Interreligious Tension in South and Southeast Asia

By Sabina Stein for Center for Security Studies (CSS)

Interreligious tensions between Buddhist majorities and Muslim minorities in Myanmar, Sri Lanka and Thailand remain high. So how should domestic and international actors respond to further peace? In this still topical piece, Sabina Stein suggests that efforts that just focus on strengthening the rule of law and security in the region will not be enough. Indeed, she suggests a more fruitful approach might lie in greater engagement with Buddhist nationalism to understand its concerns and address its fears.
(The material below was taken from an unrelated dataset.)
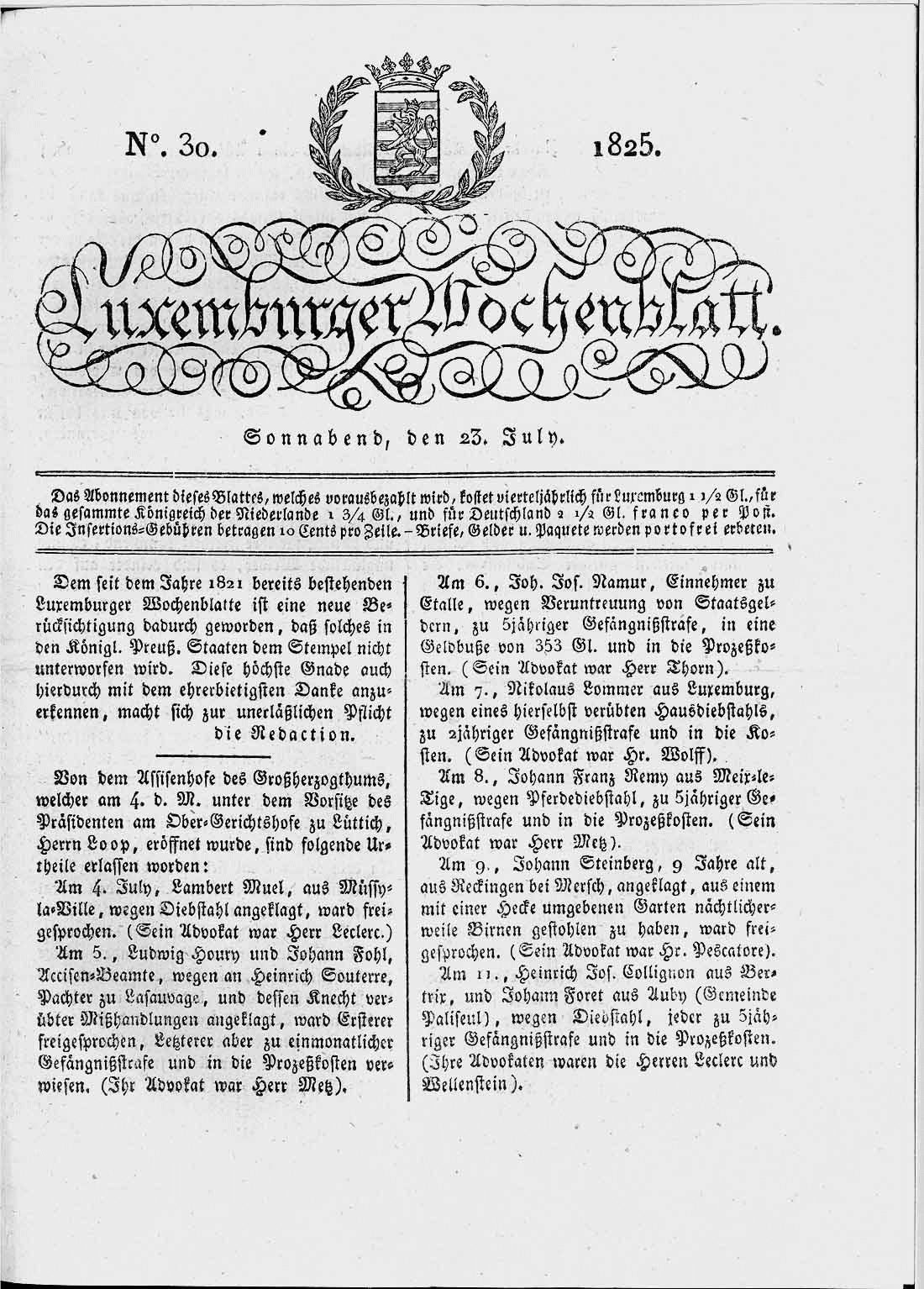 | Luxemburger Wochenblatt : Fascicule 30 - page 1 |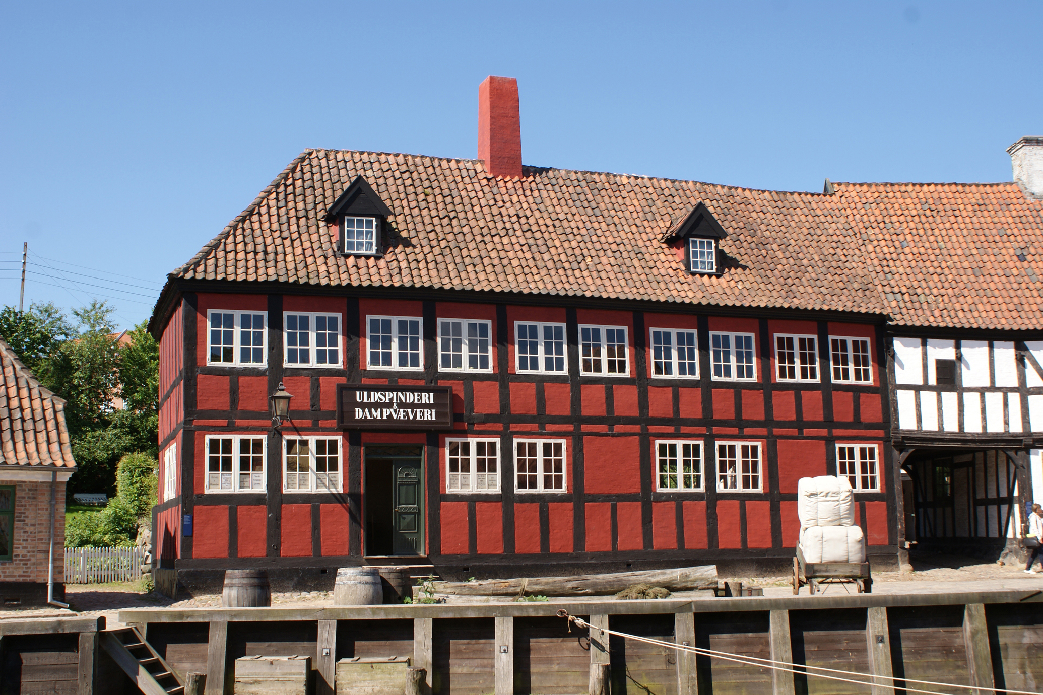 Bygningen blev i 1944 genopført i Den Gamle By og fortæller om 1800-tallets uldspinderier og dampvæverier.

The this article was originally published by the Center for Security Studies (CSS) as part of the CSS Analysis in Security Policy series in February 2014. 

Growing tensions in Myanmar, Sri Lanka, and Thailand between Buddhist majorities and Muslim minorities pose a challenge to peace and security both within these countries and in the wider region. Enforcing the rule of law will not be enough. A deeper understanding of Buddhist nationalist discourses and the grievances that underpin them is vital for improving interreligious coexistence in the region. 

In 2007, thousands of Buddhist monks descended onto the streets of Myanmar to protest peacefully against the military regime ruling the country at the time. The “Saffron Revolution” – as the events came to be known, owing to the coloured robes of Myanmar’s spiritual leaders – saw monks fall before the bullets of Myanmar’s all-powerful army. The images coming out of Myanmar today are different. Across the country, monks have been leading demonstrations in defence of Buddhism that have been reported as being directed against the country’s minority Muslim communities.

Interreligious tensions also grew elsewhere in the region. In Sri Lanka, monk-led groups such as Bodu Bala Sena (BBS, Sinhalese for Buddhist Power Force) have undertaken similar campaigns. There have been demonstrations against the construction of mosques and churches as well as halal certification. In Thailand’s south, where the government is engaged in a century-old struggle with Malay Muslim insurgents, monks have become caught up in the conflict. The military has moved into some temples, and rumours are circulating of so-called “military monks”. 
A mosque stands in ruins in the central Burmese town of Meikhtila where clashes between Buddhists and Muslims left 40 dead in March 2013. Soe Zeya Tun / Reuters

These developments appear to contradict Buddhism’s First Precept, which prohibits the killing of any living being. They also seem to indicate a growing rift between Buddhist and Muslim communities in the world’s most populous Theravada Buddhist- majority countries (see box on next page). Making sense of such developments requires an appreciation of Buddhism’s historical role in legitimising political authority in Theravada Buddhist societies. It also demands an understanding of Buddhist nationalist discourses, which claim that the state belongs to a majority nation – be it Burman, Sinhalese, or Thai – and that this nation is inherently Buddhist. Only if the driving force behind these discourses is understood can the challenge of growing interreligious tensions in South and Southeast Asia be constructively addressed.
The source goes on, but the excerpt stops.